MLB

RIVERA SAVES MORE THAN JUST A GAME

SUDDENLY, for the first time on this July Fourth weekend, it felt like Red Sox-Yankees. It felt tense. It felt thrilling. It felt like something vital was on the line. Which it was. It was called the Yankees’ season.

Yes, there is a whole second half to play. But you sensed that if the Yanks were going to blow this game – with the ball and a lead in Mariano Rivera’s right hand – then their season might just disappear. Poof. Gone.

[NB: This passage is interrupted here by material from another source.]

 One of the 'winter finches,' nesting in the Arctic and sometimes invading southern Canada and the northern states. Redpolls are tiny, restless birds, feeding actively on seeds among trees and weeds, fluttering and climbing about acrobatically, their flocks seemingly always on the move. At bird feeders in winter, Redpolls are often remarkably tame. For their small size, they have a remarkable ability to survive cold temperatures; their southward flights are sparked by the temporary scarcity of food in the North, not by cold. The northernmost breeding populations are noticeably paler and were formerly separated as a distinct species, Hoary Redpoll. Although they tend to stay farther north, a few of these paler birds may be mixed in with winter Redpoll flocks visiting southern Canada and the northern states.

Here was Rivera, the master of precision, king of the ninth inning, yet he could not spot his pitches, and slowly a 2-0 lead became 2-1. And worse. It was bases loaded, none out. The Yanks already had lost the first two games of this series, were down five in the loss column to Boston, 10 to upstart Rays. Heck, they were even behind the Orioles.

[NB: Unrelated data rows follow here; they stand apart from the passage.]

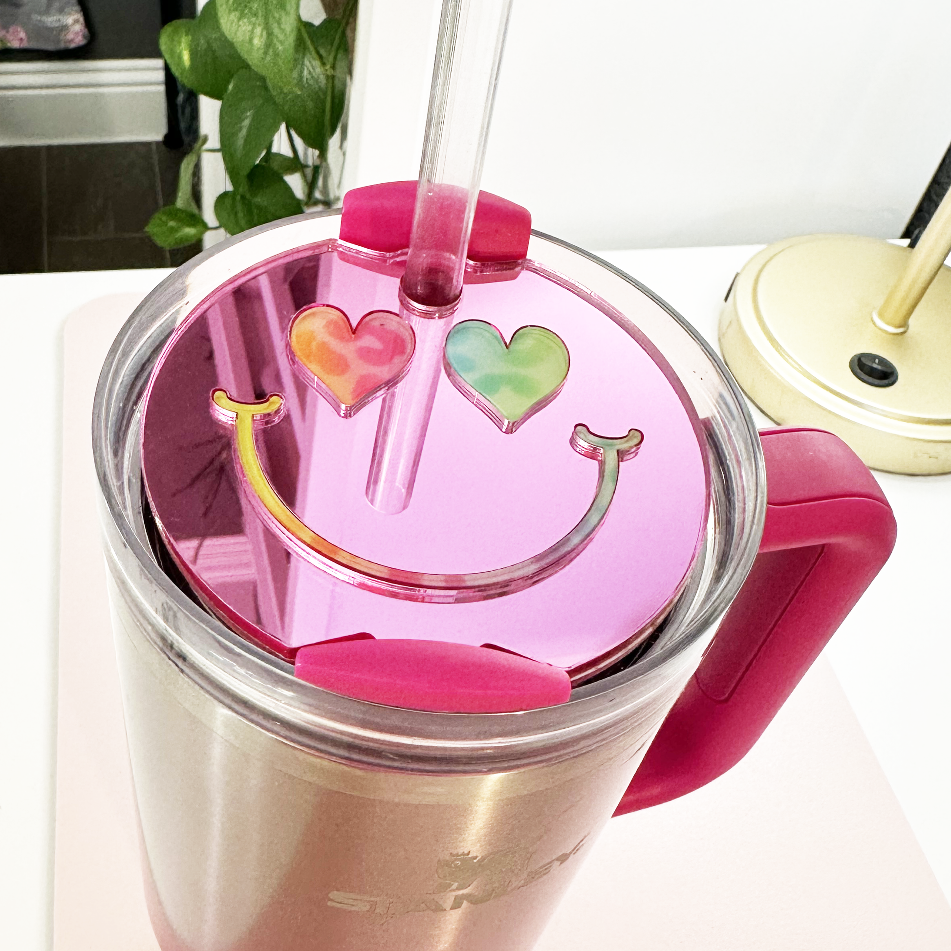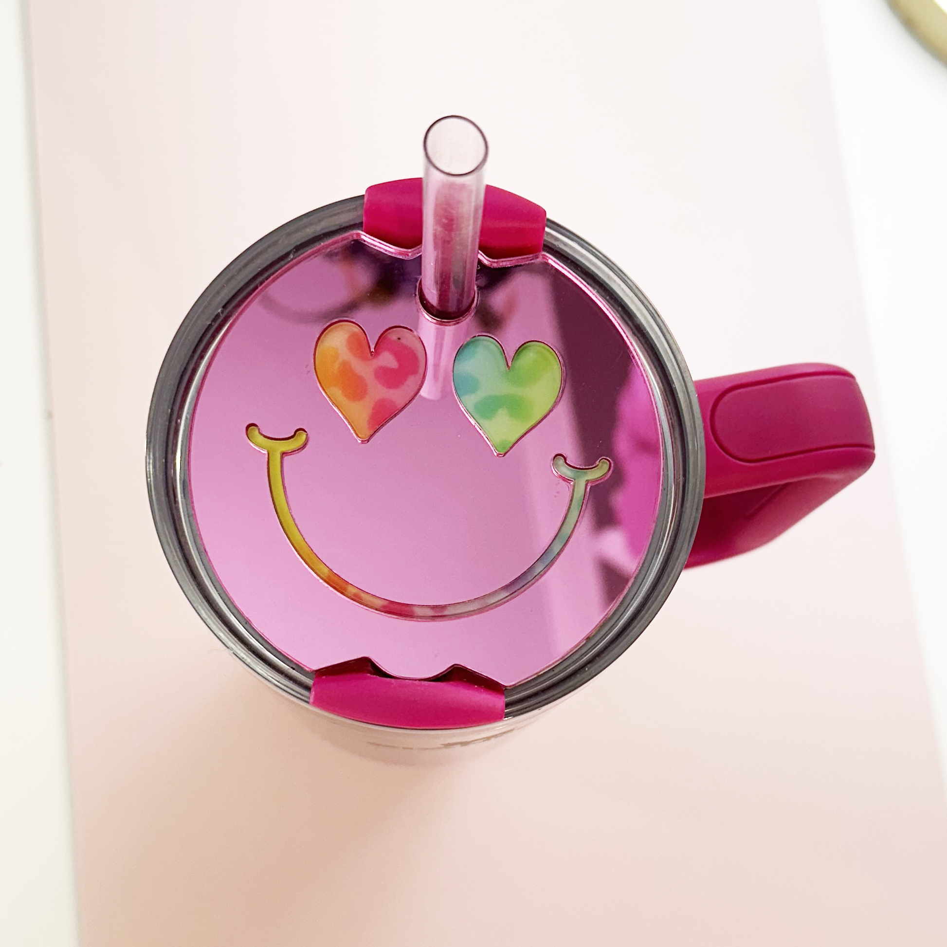 TUMBLER TOPPER - FULL LID - MIRRORED CHEETAH SMILEY
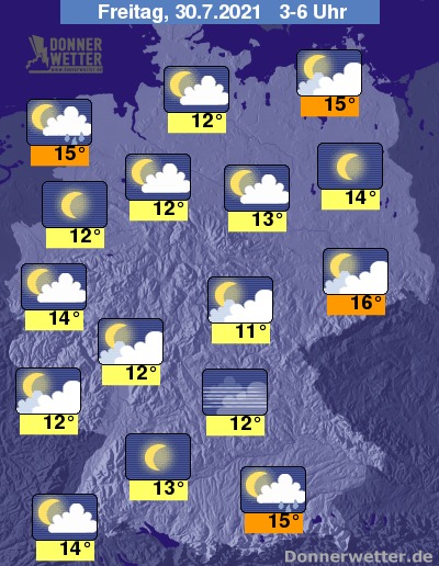 In der bevorstehenden Nacht bilden sich über Oberbayern bis weit nach Mitternacht weitere, teils gewittrige Schauer. Einzelne Schauer sind auch im Nordseeumfeld möglich. Im übrigen Bundesgebiet ist der Himmel dagegen zumeist locker bewölkt oder sternenklar. Zum Teil ist es auch aufgelockert bewölkt, dazu bleibt es trocken. Die Temperatur sinkt auf 16 Grad in der Lausitz und bis 11 Grad im Eichsfeld.
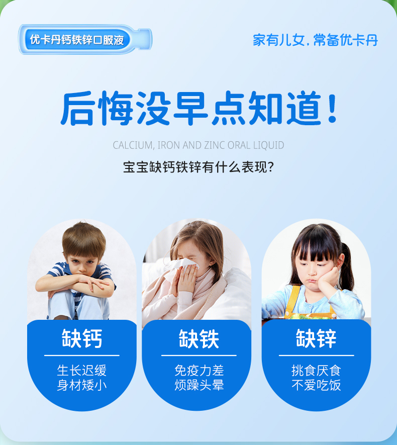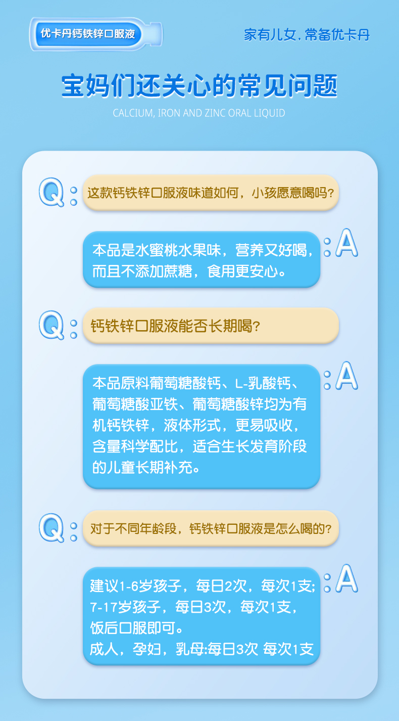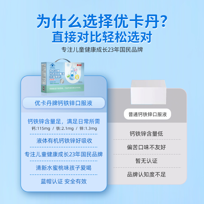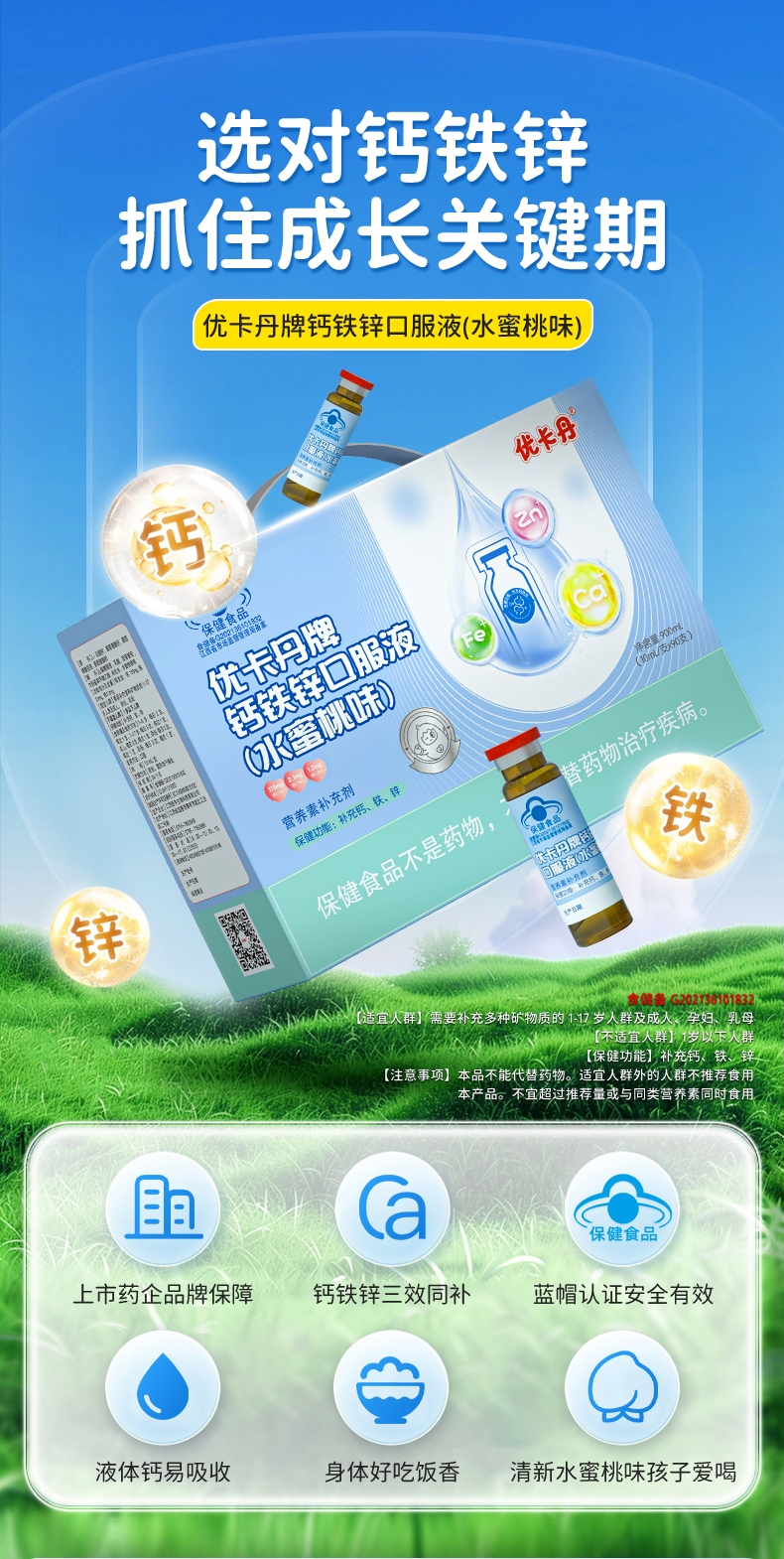 產品名稱:優卡丹牌鈣鐵鋅口服液(水蜜桃味)
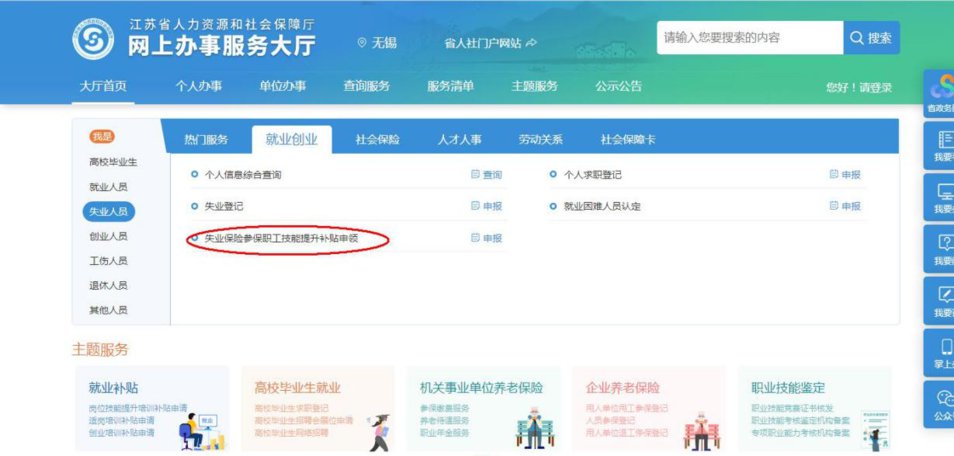 线上申领:登录江苏省人社网上办事服务大厅(https://rs.jshrss.jiangsu.gov.cn/index/),进入“大厅首页”,点击左侧“失业人员”一栏,再点击“就业创业”,选择“失业保险参保职工技能提升补贴”一栏,进行申报。

These were the fourth-place Yankees about to endure their most painful loss yet. Tying run 90 feet away. Go-ahead run at second. Insurance run at first. No outs. A season on the line.

“Mo is just the greatest,” Alex Rodriguez said. “He is the one guy who can create that mess and clean it up. . . . Maybe [he would fear the worst] with anyone else on the mound. But not with Mo on the mound.”

It speaks to Rivera’s gifts that he could recalibrate in this peril. That he could essentially become the baseball James Bond: Put himself in the greatest trauma and drama, yet have the wherewithal to maneuver to safety. Pop out, pop out, strikeout. With nearly 55,000 on their feet and screaming. With perhaps a season at stake.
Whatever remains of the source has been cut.